Source information:
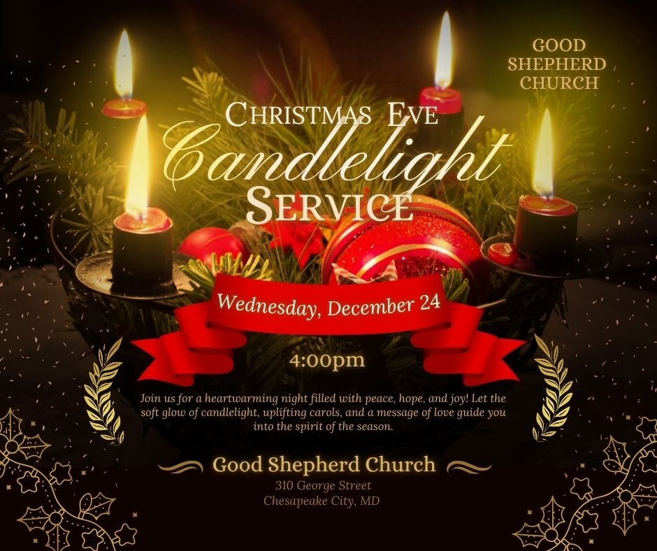Christmas Eve, December 24, Candlelight Service of Holy Eucharist with Music, 4 PM, at Good Shepherd.
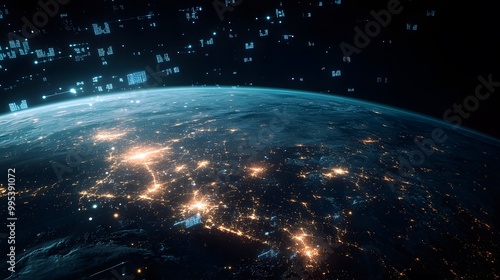 © Berkah, Obraz premium Planet Earth, city lights and cellular digital network growing binary data.
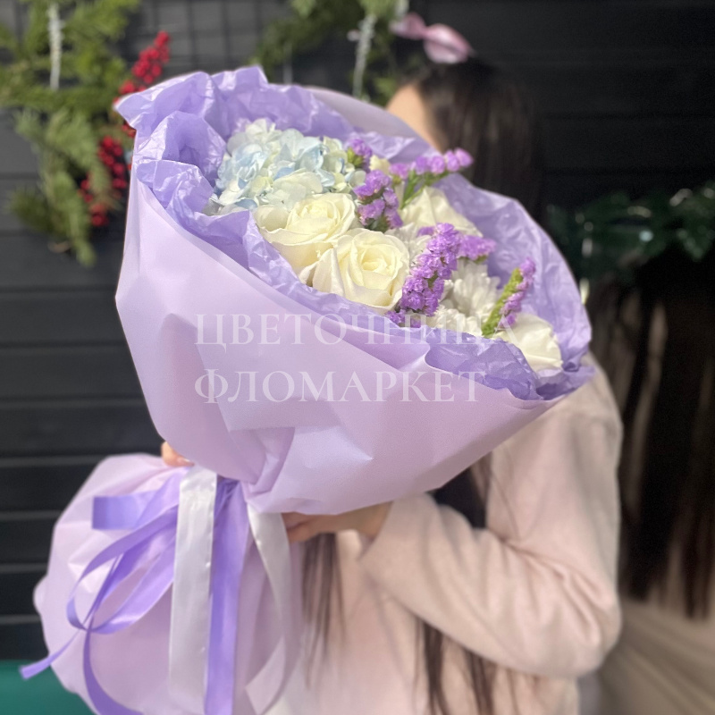 Букет, состоящий из белых роз и фиолетовых гипсофил, элегантно упакован в лавандовую бумагу и дополнен воздушными лентами. Нежные оттенки цветов создают романтичное и трогательное настроение, идеальное для выражения чувств. Этот букет станет прекрасным подарком для любимой или близкой женщины.
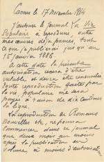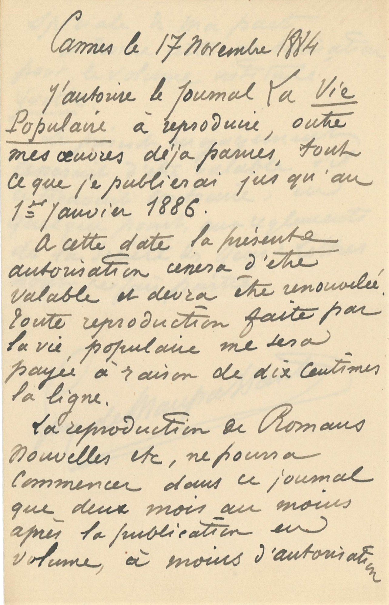 L.A.S., Cannes, 17 novembre 1884, adressée à Jean Dupuy, président du conseil de surveillance et actionnaire du journal quotidien « Le Petit Parisien », 2 pages in-8 ; rare lettre dengagement contractuel entièrement écrite par Guy de Maupassant: « Jautorise le journal La Vie Populaire à reproduire, outre mes uvres déjà parues, tout ce que je publierai jusquau 1er janvier 1886. A cette date la présente autorisation cessera dêtre valable et devra être renouvelée. Toute reproduction faite par La Vie Populaire me sera payée à raison de dix centimes la ligne. La reproduction de romans nouvelles etc, ne pourra commencer dans ce journal que deux mois au moins après la publication en volume, à moins dautorisation spéciale de ma part. Je donne cette autorisation pour le volume intitulé Yvette. Le présent engagement cesserait dêtre valable sil se trouvait contraire, en quelque point, aux règlements de la société des gens de lettres dont je fais partie. »
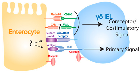 Ligands involved in γδ IEL function. The mechanisms behind γδ IEL activation following intestinal epithelial damage are less well understood than the mechanisms underlying DETC activation in the skin, but plexin B2-CD100 interactions are known to play a role. Intestinal epithelial cells and γδ IELs express CAR and JAML, respectively, but whether these interactions provide a costimulatory signal following epithelial damage is unknown. The role of antigen recognition by TCR and the presence of other costimulatory signals also remain unknown. Occludin expressed by both γδ IELs and intestinal epithelial cells is important for γδ IEL migration.
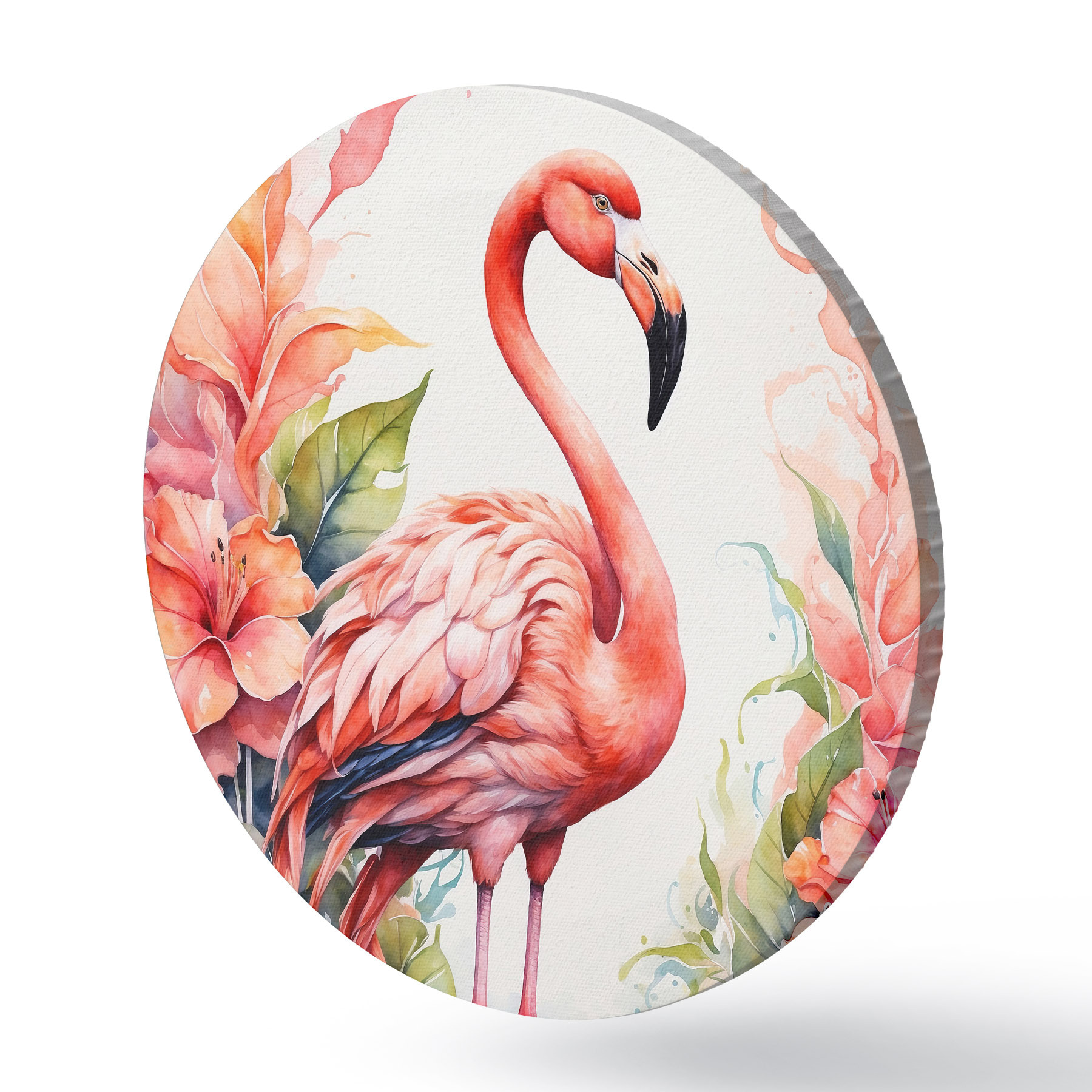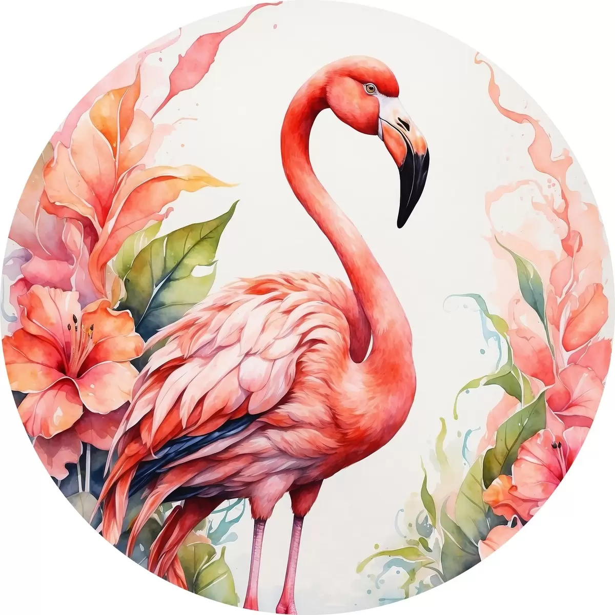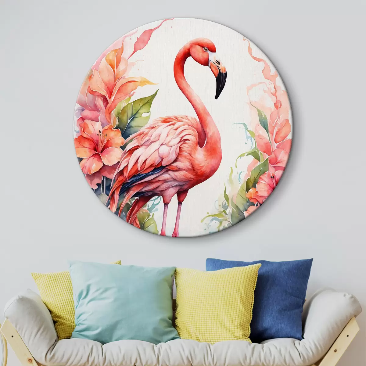 Cuadros redondos Flamenco con flores en acuarela r37125

Task instructions: Starting with the first line of the data above and ending with the line containing "L.A.S., Cannes, 17", please restate every line exactly, leaving images out.

Exercise solution:
Christmas Eve, December 24, Candlelight Service of Holy Eucharist with Music, 4 PM, at Good Shepherd.
 © Berkah, Obraz premium Planet Earth, city lights and cellular digital network growing binary data.
 Букет, состоящий из белых роз и фиолетовых гипсофил, элегантно упакован в лавандовую бумагу и дополнен воздушными лентами. Нежные оттенки цветов создают романтичное и трогательное настроение, идеальное для выражения чувств. Этот букет станет прекрасным подарком для любимой или близкой женщины.
 L.A.S., Cannes, 17 novembre 1884, adressée à Jean Dupuy, président du conseil de surveillance et actionnaire du journal quotidien « Le Petit Parisien », 2 pages in-8 ; rare lettre dengagement contractuel entièrement écrite par Guy de Maupassant: « Jautorise le journal La Vie Populaire à reproduire, outre mes uvres déjà parues, tout ce que je publierai jusquau 1er janvier 1886. A cette date la présente autorisation cessera dêtre valable et devra être renouvelée. Toute reproduction faite par La Vie Populaire me sera payée à raison de dix centimes la ligne. La reproduction de romans nouvelles etc, ne pourra commencer dans ce journal que deux mois au moins après la publication en volume, à moins dautorisation spéciale de ma part. Je donne cette autorisation pour le volume intitulé Yvette. Le présent engagement cesserait dêtre valable sil se trouvait contraire, en quelque point, aux règlements de la société des gens de lettres dont je fais partie. »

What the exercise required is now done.